# Today's Posts feature missing.



## SAXISMYAXE (Jun 13, 2003)

Harri,

The *Todays Posts* feature is now missing all of the sudden from the Quick Links drop down menu. This was a very handy function when New Posts doesn't bring up the days tally, which might have been missed by the viewer.

A very necessary tool for the Admins to help review the days posts as well.
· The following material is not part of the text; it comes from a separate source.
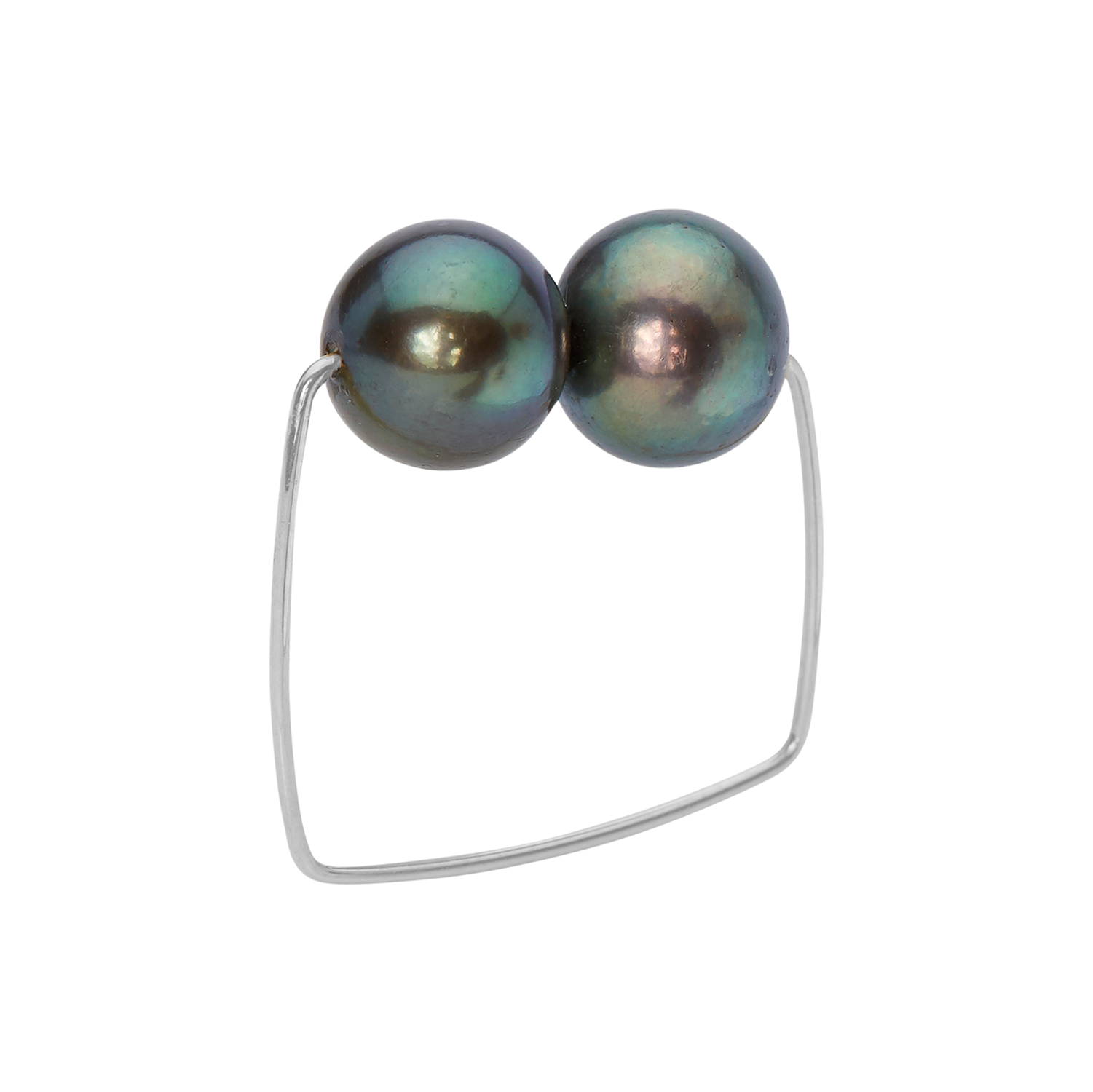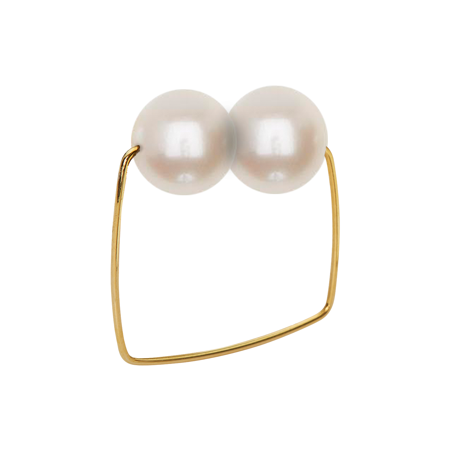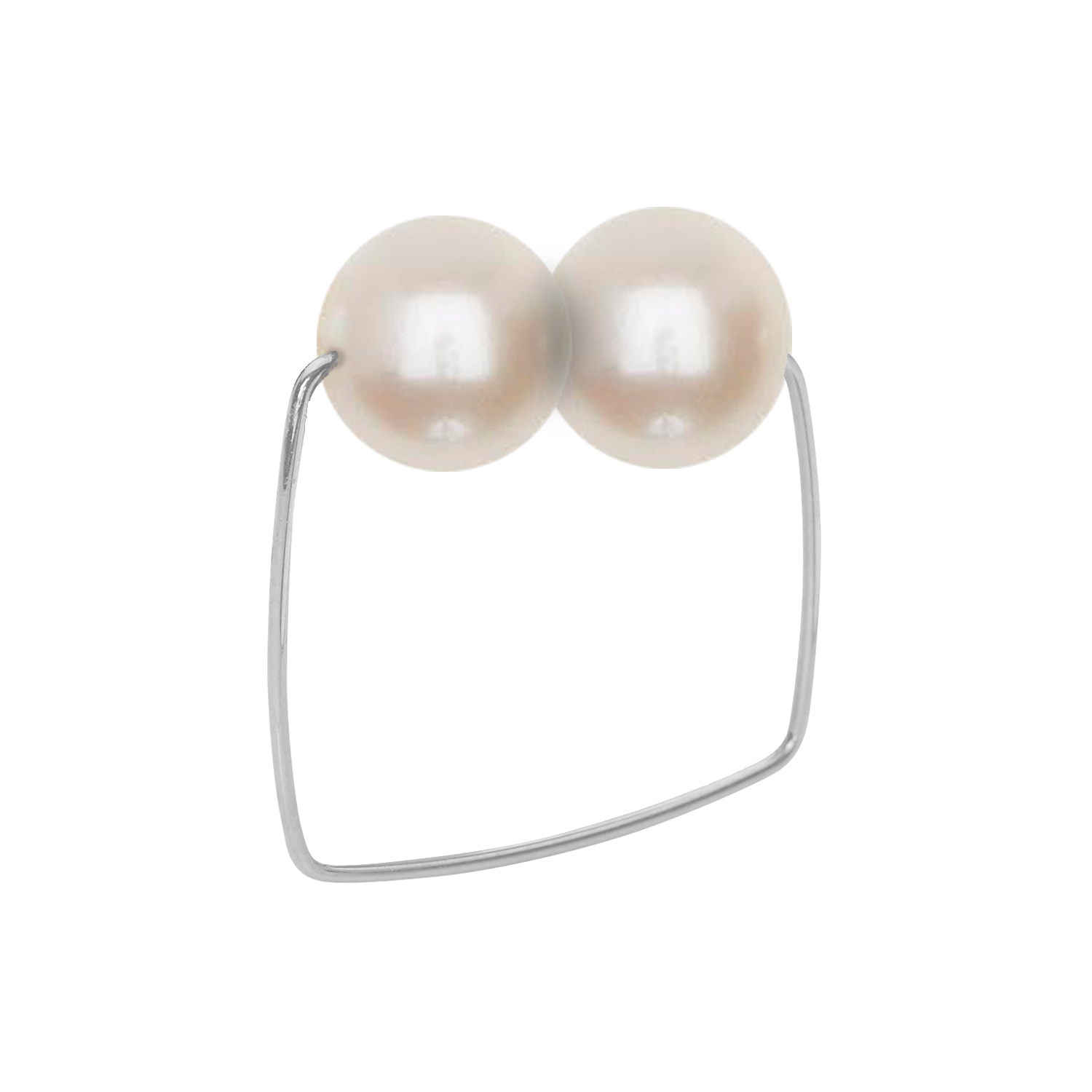 Square Ring with Round Fresh Water Pearls (12mm x 9mm)

Any way we can get it back?


----------



## Harri Rautiainen (Jan 24, 2003)

*Re: Todays Posts feature missing.*



SAXISMYAXE said:


> Harri,
> 
> The *Todays Posts* feature is now missing all of the sudden from the Quick Links drop down menu. This was a very handy function when New Posts doesn't bring up the days tally, which might have been missed by the viewer.
> 
> ...


Mike,
I had to revert the template in the recent sw update.
Will look into this shortly.
Thanks for pointing this out,


----------



## Harri Rautiainen (Jan 24, 2003)

*Re: Todays Posts feature missing.*

*Today's Posts* are back. Under *Quick Links* in the upper navigation bar.


----------



## SAXISMYAXE (Jun 13, 2003)

Many thanks Harri.


----------



## johnnysax (Apr 9, 2004)

*Re: Todays Posts feature missing.*



Harri Rautiainen said:


> *Today's Posts* are back. Under *Quick Links* in the upper navigation bar.


Test 1


----------



## johnnysax (Apr 9, 2004)

*Re: Todays Posts feature missing.*

Test 2



Harri Rautiainen said:


> *Today's Posts* are back. Under *Quick Links* in the upper navigation bar.


----------